Difference between . and ->

Hi there,

I am just trying to learn how to make linked lists and have made the following function:

Code:

---

list* addList()  {
    list* firstList = NULL;
        list* newList = malloc(sizeof(list));
        newList -> count = 128;
        newList -> next = firstList;
       
        return newList;
}

---

This works fine and when I have the following printf statement:

Code:

---

list* bigList = addList();
printf("%d\n", bigList -> count);

---

then 128 gets printed out, as I hoped it would.

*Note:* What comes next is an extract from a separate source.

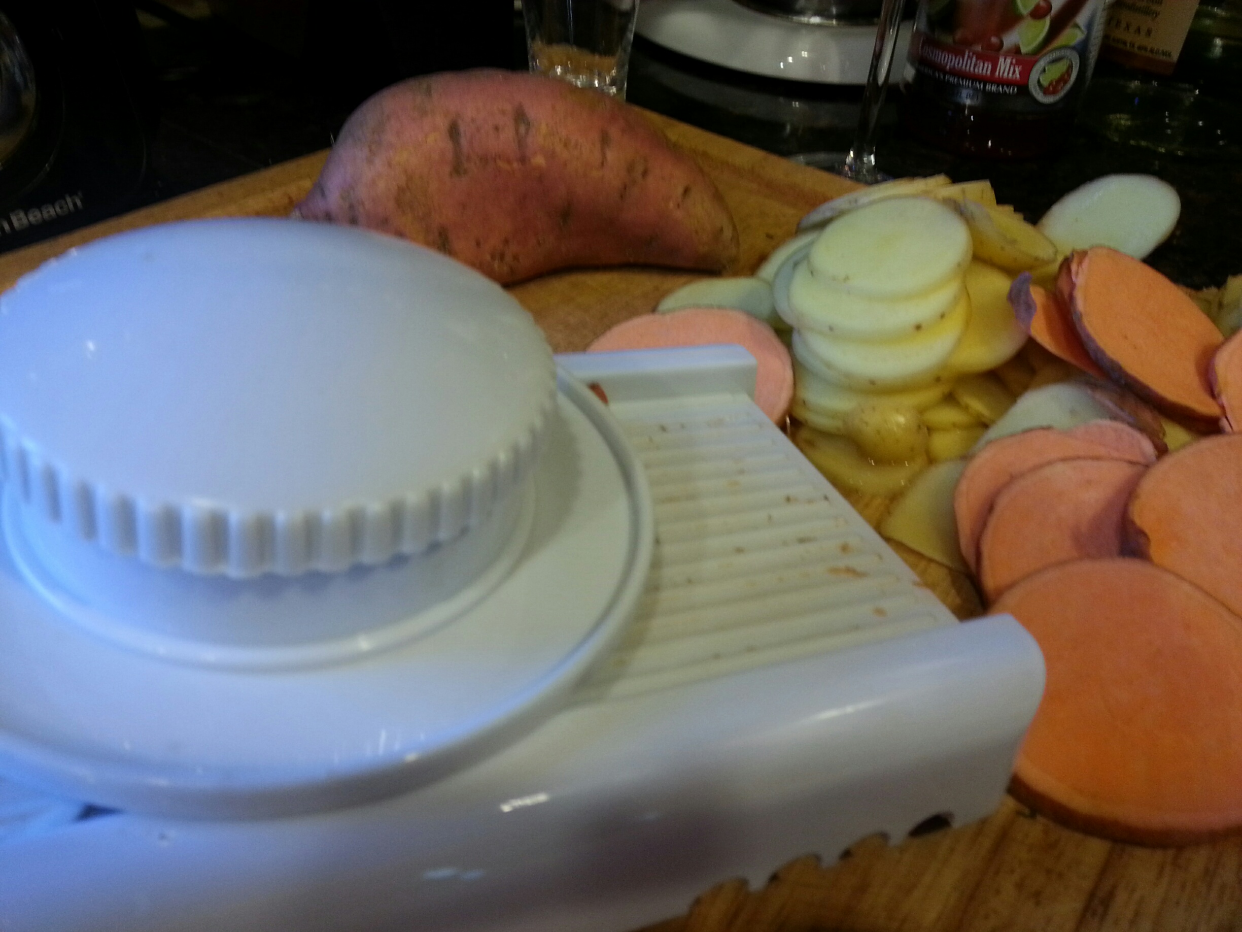 Thinly slice potatoes with a mandolin. Place in a large bowl and toss with remaining ingredients. Place on a greased pan. Bake at 400 for about 20 minutes. Watch the crisps as different ovens require more or less baking time. You want these crisp, but be careful not to burn.

My question is that when I try the following printf instead:

Code:

---

printf("%d\n", bigList.count);

---

then I get an error saying that a struct is required. As I understand it, my addList() function returns a pointer to the list element labeled newList in the function. This list element has a member called count. So why is it that I can't use the membership operator '.' in this case? And what is the essential difference between '.' and '->'?

Many thanks in advance.

Joe

-> requires pointer to the structure on it's left side, whereas the '.' operator requires a structure variable on it's left side not a pointer.
Eg.

Code:

---

struct book
{
int page;
char name;
float price}b1;
b1.page //correct
b1->price //incorrect

---

Or a union.

Excellent. Thank you Ben10 for the explanation. I understand now. :cool:

Cheers WhiteFlags.